The above code is designed to check to see if the VPN exists on startup - if it does not then it is automatically created, once created the connection is established.
Best Regards
Spencer
Coordinator
Sep 10, 2010 at 2:15 PM

This isn't a problem with DotRas, it's how you have your VPN connection configured. You need to turn off the RemoteDefaultGateway option for the entry.

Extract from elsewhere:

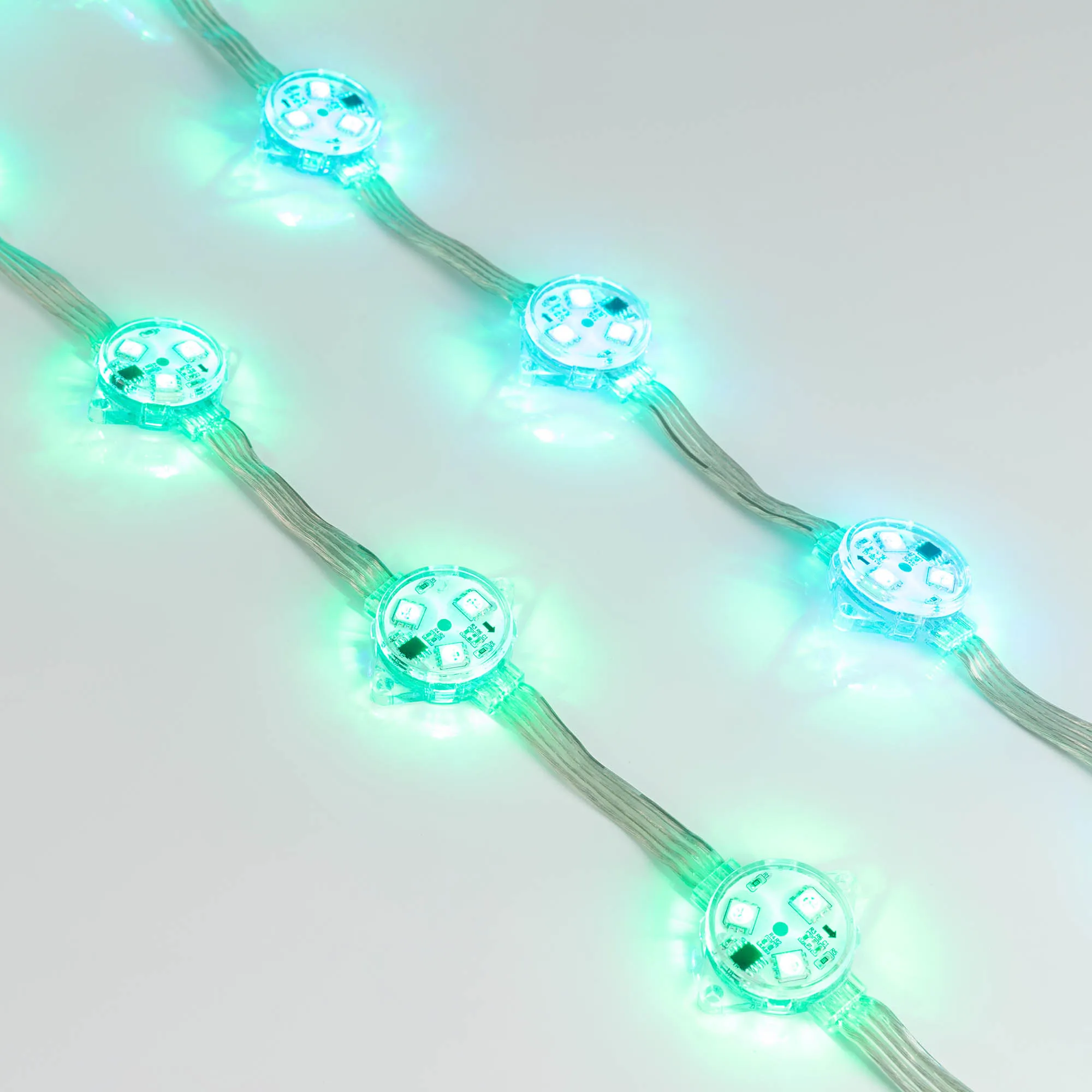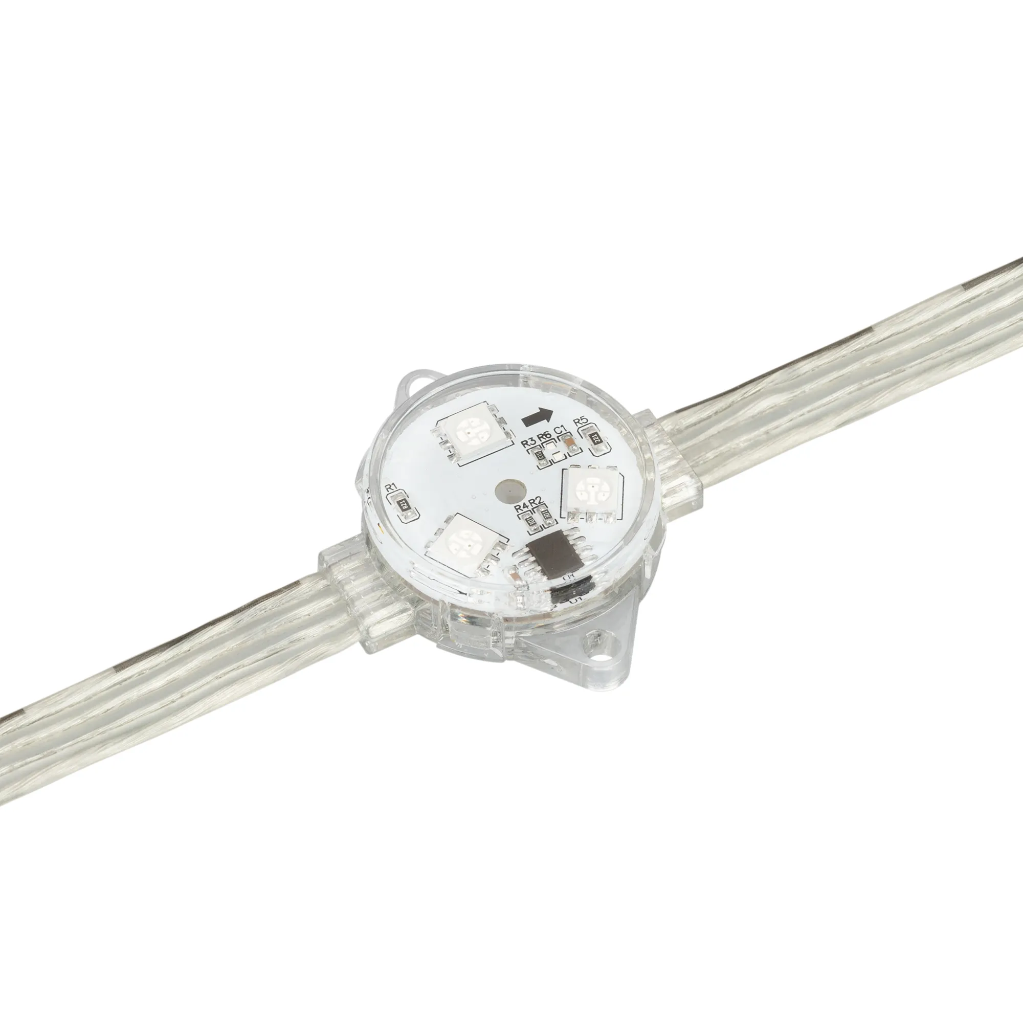Управляемый светодиодный модуль DMX, RGB, микросхема DMX512 (UCS512), напряжение 12 В, мощность 0.72 Вт, 3 светодиода SMD 5060, угол 140°. Создание медиафасадов, 20 шт на проводе, расстояние между центрами модулей 100 мм, длина провода между модулями 60 мм. Степень пылевлагозащиты IP68. Размер Ø30×11 мм. Гарантия 3 года.

entry.Options.RemoteDefaultGateway = false;

You just need to set that option before adding the entry to the phonebook, or by calling Update on the entry after the entry has been added to the phonebook.

Sep 10, 2010 at 3:04 PM
Edited Sep 10, 2010 at 3:04 PM

Hi Jeff

I created a simplified application and I tried to do as you stated:

            this.rasPhoneBook1.Open();

            RasEntry entry = RasEntry.CreateVpnEntry("My VPN", "xxx.xxx.xxx.xxx", RasVpnStrategy.PptpFirst, RasDevice.GetDeviceByName("(PPTP)", RasDeviceType.Vpn, false) );
            entry.Options.RemoteDefaultGateway = false;

            try
            {                
                this.rasPhoneBook1.Entries.Add(entry);
            }
            catch (Exception ex)
            {
                this.statusTextBox.AppendText(string.Format("Exception: Connection Already Exists?\r\n"));
            }

However the is an issue:

Error 1 Static member 'DotRas.RasEntryOptions.RemoteDefaultGateway' cannot be accessed with an instance reference; qualify it with a type name instead C:\Development\Projects\c#\VPN DotRas\DotRas\DotRas\Form1.cs 23 13 DotRas
Error 2 The left-hand side of an assignment must be a variable, property or indexer C:\Development\Projects\c#\VPN DotRas\DotRas\DotRas\Form1.cs 23 13 DotRas

Basically from what I can see "Options" has no attribute property called "RemoteDefaultGateway".  Possibly I have done something wrong, please advise...

Best regards

Spencer

Sep 10, 2010 at 3:11 PM

Hi Jeff,

Thanks for your help - you set me on the right path.  I fixed the issue as follows:

                   entry.Options = entry.Options & ~RasEntryOptions.RemoteDefaultGateway;

I assume that is the correct method?

Thanks again

Spencer

Coordinator
Sep 10, 2010 at 4:21 PM

If you're using the 1.1 version of the SDK, yes. The 1.2 SDK redesigned that piece to make it more developer friendly.